(TASK GOAL):
Among the records that follow, set down only the lines from the one containing "한국은 이번 이라크전" to the one containing "2. After selecting", both included, exactly.
*** Opening INPUT DATA ***
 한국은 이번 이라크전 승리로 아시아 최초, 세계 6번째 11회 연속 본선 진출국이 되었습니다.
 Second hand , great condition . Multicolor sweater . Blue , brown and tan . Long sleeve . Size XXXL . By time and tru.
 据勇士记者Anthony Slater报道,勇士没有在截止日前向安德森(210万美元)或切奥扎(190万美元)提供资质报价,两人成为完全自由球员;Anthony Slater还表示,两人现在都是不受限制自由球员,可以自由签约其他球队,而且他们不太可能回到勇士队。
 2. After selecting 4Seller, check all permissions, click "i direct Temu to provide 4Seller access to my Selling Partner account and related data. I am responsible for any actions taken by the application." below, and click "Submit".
*** Closing INPUT DATA ***
*** Opening INPUT DATA ***
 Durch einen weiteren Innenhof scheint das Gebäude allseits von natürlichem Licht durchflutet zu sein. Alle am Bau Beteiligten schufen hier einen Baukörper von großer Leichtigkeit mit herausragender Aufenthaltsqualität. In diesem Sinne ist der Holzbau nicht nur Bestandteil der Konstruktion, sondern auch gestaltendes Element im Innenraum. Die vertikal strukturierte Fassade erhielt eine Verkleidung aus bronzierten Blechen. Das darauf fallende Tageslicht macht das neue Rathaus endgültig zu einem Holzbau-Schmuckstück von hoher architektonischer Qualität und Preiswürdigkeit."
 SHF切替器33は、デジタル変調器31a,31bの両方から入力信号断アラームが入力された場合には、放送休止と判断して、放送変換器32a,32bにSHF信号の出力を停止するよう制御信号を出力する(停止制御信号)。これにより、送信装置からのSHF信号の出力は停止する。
*** Closing INPUT DATA ***
*** Opening INPUT DATA ***
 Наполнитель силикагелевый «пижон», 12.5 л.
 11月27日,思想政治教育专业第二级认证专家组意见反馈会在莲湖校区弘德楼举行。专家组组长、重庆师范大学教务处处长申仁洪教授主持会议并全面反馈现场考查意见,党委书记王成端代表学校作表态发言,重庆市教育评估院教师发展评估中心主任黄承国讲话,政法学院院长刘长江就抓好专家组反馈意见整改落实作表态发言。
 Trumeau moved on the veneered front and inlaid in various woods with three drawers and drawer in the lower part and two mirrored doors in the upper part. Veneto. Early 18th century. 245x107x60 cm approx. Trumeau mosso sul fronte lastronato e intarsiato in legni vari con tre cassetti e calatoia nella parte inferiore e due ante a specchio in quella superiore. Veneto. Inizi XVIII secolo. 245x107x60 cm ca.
*** Closing INPUT DATA ***
(RESPONSE BELOW):
 한국은 이번 이라크전 승리로 아시아 최초, 세계 6번째 11회 연속 본선 진출국이 되었습니다.
 Second hand , great condition . Multicolor sweater . Blue , brown and tan . Long sleeve . Size XXXL . By time and tru.
 据勇士记者Anthony Slater报道,勇士没有在截止日前向安德森(210万美元)或切奥扎(190万美元)提供资质报价,两人成为完全自由球员;Anthony Slater还表示,两人现在都是不受限制自由球员,可以自由签约其他球队,而且他们不太可能回到勇士队。
 2. After selecting 4Seller, check all permissions, click "i direct Temu to provide 4Seller access to my Selling Partner account and related data. I am responsible for any actions taken by the application." below, and click "Submit".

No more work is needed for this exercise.